American politician (born 1962)

Georgette "Jo" Jordan (born May 5, 1962) is the former Democratic representative of the 44th House District of the Hawaii House of Representatives, which includes Wai‘anae, Mākaha, Makua, and parts of Māʻili on the island of Oahu. Jordan was appointed to the seat by Governor Neil Abercrombie on January 19, 2011 after the seat was vacated by Maile Shimabukuro, who filled Colleen Hanabusa's vacated Senate seat. Cedric Asuega Gates defeated incumbent Jo Jordan in the Hawaii House of Representatives District 44 Democratic primary.

== Legislative history ==

=== 2011–2012: Appointment to and First Term in the House ===
Jordan was appointed to her seat in the 45th district by Governor Neil Abercrombie on January 19, 2011. The then-incumbent Maile Shimabukuro was appointed to Colleen Hanabusa's vacated Senate seat.

For the 2011 and 2012 sessions, Jordan sat on five committees in the House of Representatives: Human Services, Culture and the Arts, Finance, Hawaiian Affairs, and Health. She was Vice Chair on the House Committee of Human Services.

Jordan has a TV show on ‘Ōlelo Community Television called Jordan's Journal. On her program, she interviews legislators and community members about issues affecting her district.
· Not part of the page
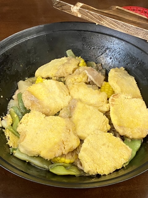 揭盖玉米饼没熟。
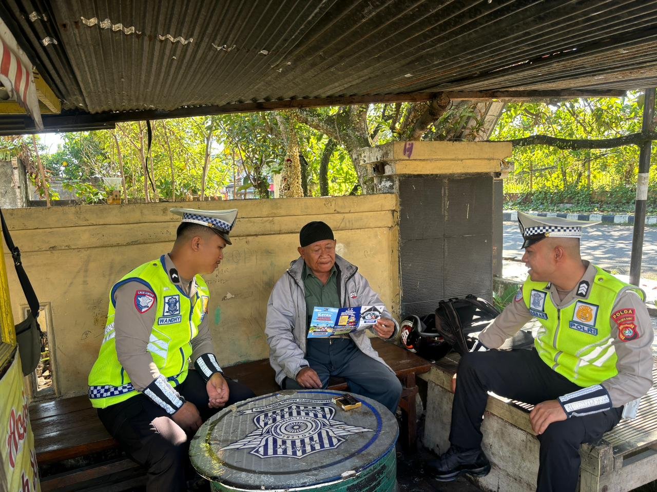 Petugas menyampaikan edukasi mengenai pentingnya selalu mengutamakan keselamatan, mematuhi rambu lalu lintas, serta wajib menggunakan perlengkapan keselamatan seperti helm SNI dan kelengkapan surat-surat kendaraan.

She has interviewed state representatives such as Sharon Har, Linda Ichiyama, and Marcus Oshiro; community members such as education reform activist Mark Dannog and harbormaster William Aila; and representatives from organizations such as Kamehameha Schools and Ordnance Reef.

Jordan voted in support of Senate Bill 232, which legalized gender-neutral civil unions in Hawaii. The measure passed the House by a vote of 31–19.

In August 2011, Jordan expressed opposition to extending the life of Waimanalo Gulch Sanitary Landfill on the grounds that the deadline did not give sufficient time for the community to express their opinions and that the community had been accepting Oahu's trash for the past twenty years. Jordan urged the City and County of Honolulu's Department of Planning and Permitting to "seriously consider other sites outside of the Leeward Coast."

=== 2013–2016: Election and Second Term in the House ===
On November 6, 2012, Jordan was elected to the recently redistricted 44th district of the Hawaii House of Representatives. She sat on four committees: Finance, Health, Housing, and Human Services.

Jordan, a lesbian, created controversy on November 6, 2013, when she voted against a bill to allow same-sex marriage in Hawaii. Despite her no vote, the bill passed. On November 9, 2013, the Hawaii House passed same-sex marriage, to become the 16th state to do so. It is believed that Jordan is the first openly gay legislator in the US to vote against same-sex marriage.

In 2014, Jo Jordan was re-elected with 60.7% of the vote in the general election against Cedric Gates (23%) of the Green Party and Allen "Al" Frenzel (16.2%) of the Libertarian Party.

In 2016, Cedric Asuega Gates switched parties and ran in the Democratic primary, where he defeated Jordan.